*YOUR OBJECTIVE:*
Lines from the beginning of the material below through the line that has "Burnt orange color" are to be reproduced exactly, but pictures are not.

*EXERCISE DATA:*
Segment Open

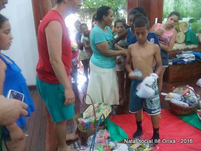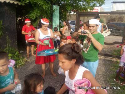 Ocorreu no dia 23 de dezembro mais uma festa de natal solidário dentro das dependências do Ilê Orixá, foram atendidas dezenas de crianças oriundas da Vila Rica e Vila Maria, próximas ao Ilê Orixá, que está localizado no bairro novo mundo, na cidade de Gravataí. E o natal que já ocorre desde a fundação do Ilê no ano de 2011, todos os anos já é esperado pelas crianças. E nestes 6 anos o Ilê Orixá mostra que sim é possível cada um de nós fazer a sua parte e dedicar um pouco de tempo para ajudar o próximo.
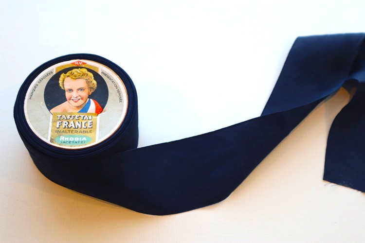 フランス・パリのヴィンテージディーラーから届きました。 フランス製ヴィンテージリボン タフタ ネイビー アセテート
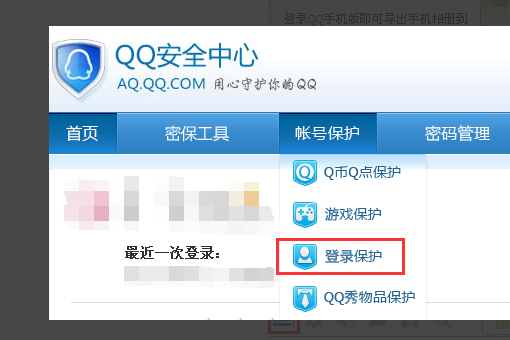 3、接着,在弹出窗口中,点击【QQ登录保护】选项,如下图所示,然后进入下一步。
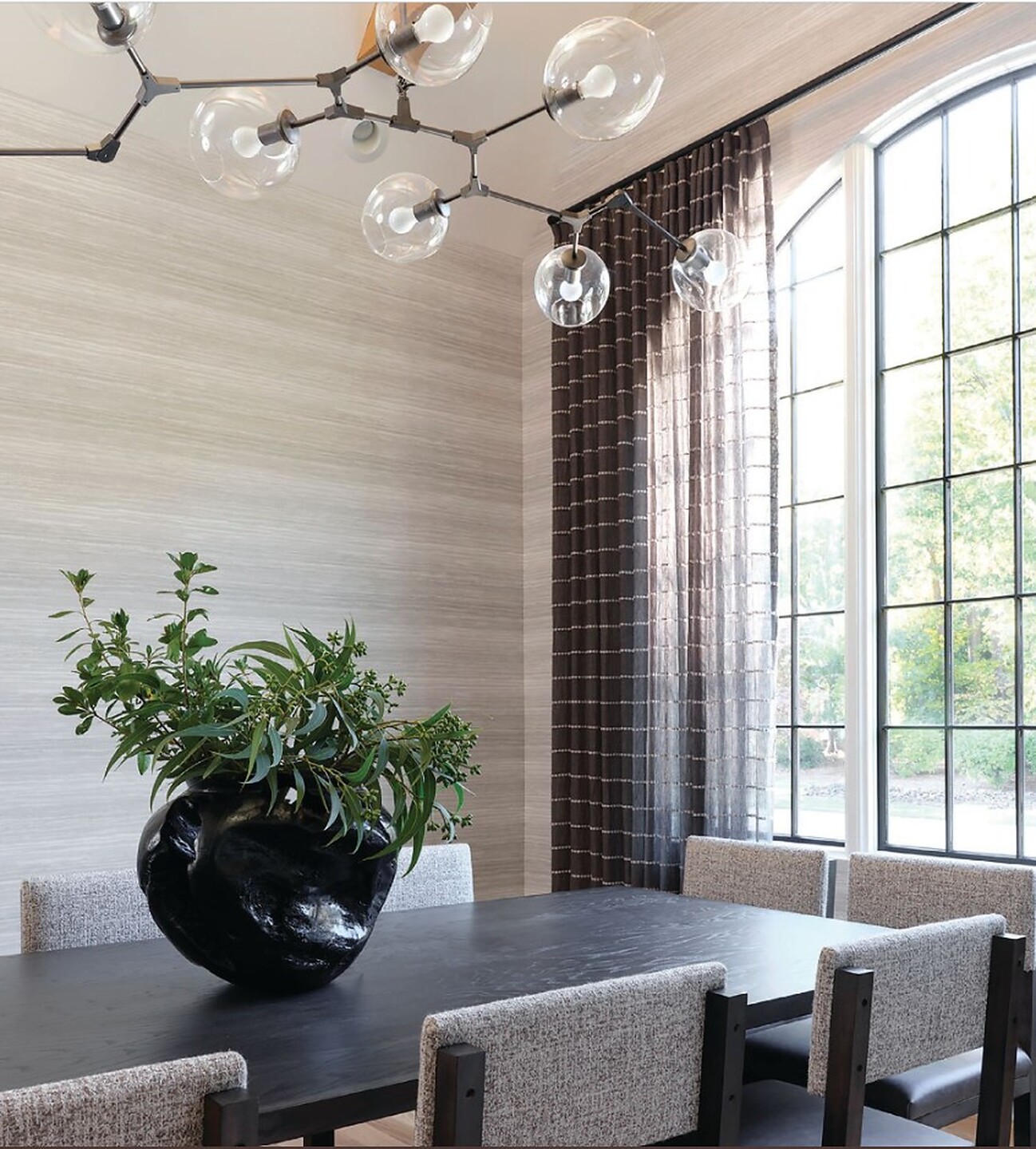In the article "Room to Grow" interior designer Emily Del Bello featured Vinyl Kimono Silk 7039 Oolong Tea in the dining room of a clients home.
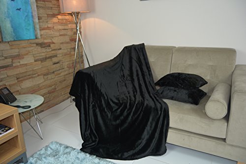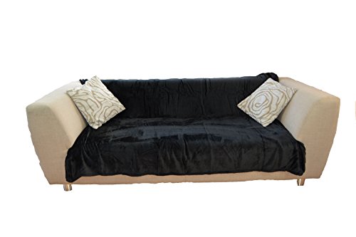 NG Distribution Copriletto in morbida finta pelliccia per letto doppio o divano letto, Poliestere, Nero, Double 150 x 200
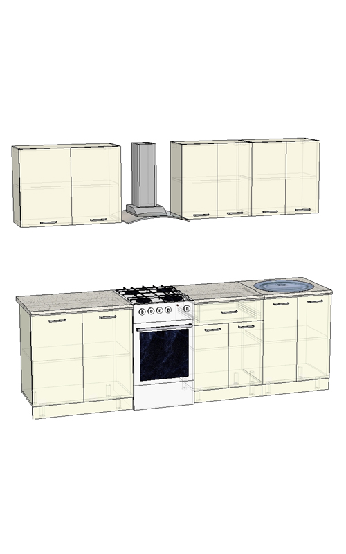 Модули в данном комплекте 60, 60 и 80 см, посудосушитель и мойку можете выбрать в разделе Комплектующие кухни.
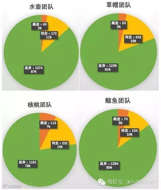 整体数据如此,分团队数据亦如此。四个团队放弃比例在78%-87%之间,尽管每个人的判断标准不同,但是得到的结果却是高度一致。
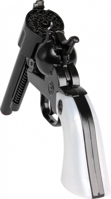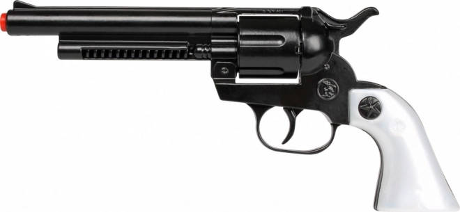 Tento kovbojský revolver na kapslíky přináší realistický vzhled a odolné zpracování. Díky kombinaci kovu a plastu je lehký do ruky, přitom dostatečně bytelný pro časté hraní. Dlouhá hlaveň a bílá střenka podtrhují klasický vzhled historického revolveru.
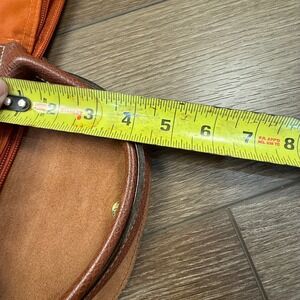 Burnt orange color with brown leather accents, zip closure with logo pull, fold over leather snap, two short leather handles (no long strap included), white interior
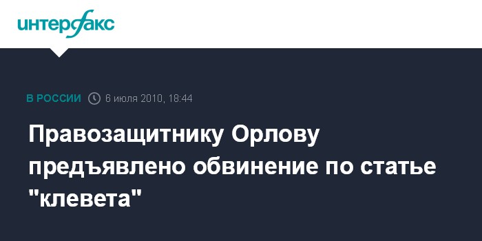 "Мне предъявлено обвинение по статье 129 часть 3 Уголовного кодекса (клевета). Меня уже допросили в качестве обвиняемого", - сказал О.Орлов "Интерфаксу".

Segment Closed

*WRITTEN RESPONSE:*
 Ocorreu no dia 23 de dezembro mais uma festa de natal solidário dentro das dependências do Ilê Orixá, foram atendidas dezenas de crianças oriundas da Vila Rica e Vila Maria, próximas ao Ilê Orixá, que está localizado no bairro novo mundo, na cidade de Gravataí. E o natal que já ocorre desde a fundação do Ilê no ano de 2011, todos os anos já é esperado pelas crianças. E nestes 6 anos o Ilê Orixá mostra que sim é possível cada um de nós fazer a sua parte e dedicar um pouco de tempo para ajudar o próximo.
 フランス・パリのヴィンテージディーラーから届きました。 フランス製ヴィンテージリボン タフタ ネイビー アセテート
 3、接着,在弹出窗口中,点击【QQ登录保护】选项,如下图所示,然后进入下一步。
In the article "Room to Grow" interior designer Emily Del Bello featured Vinyl Kimono Silk 7039 Oolong Tea in the dining room of a clients home.
 NG Distribution Copriletto in morbida finta pelliccia per letto doppio o divano letto, Poliestere, Nero, Double 150 x 200
 Модули в данном комплекте 60, 60 и 80 см, посудосушитель и мойку можете выбрать в разделе Комплектующие кухни.
 整体数据如此,分团队数据亦如此。四个团队放弃比例在78%-87%之间,尽管每个人的判断标准不同,但是得到的结果却是高度一致。
 Tento kovbojský revolver na kapslíky přináší realistický vzhled a odolné zpracování. Díky kombinaci kovu a plastu je lehký do ruky, přitom dostatečně bytelný pro časté hraní. Dlouhá hlaveň a bílá střenka podtrhují klasický vzhled historického revolveru.
 Burnt orange color with brown leather accents, zip closure with logo pull, fold over leather snap, two short leather handles (no long strap included), white interior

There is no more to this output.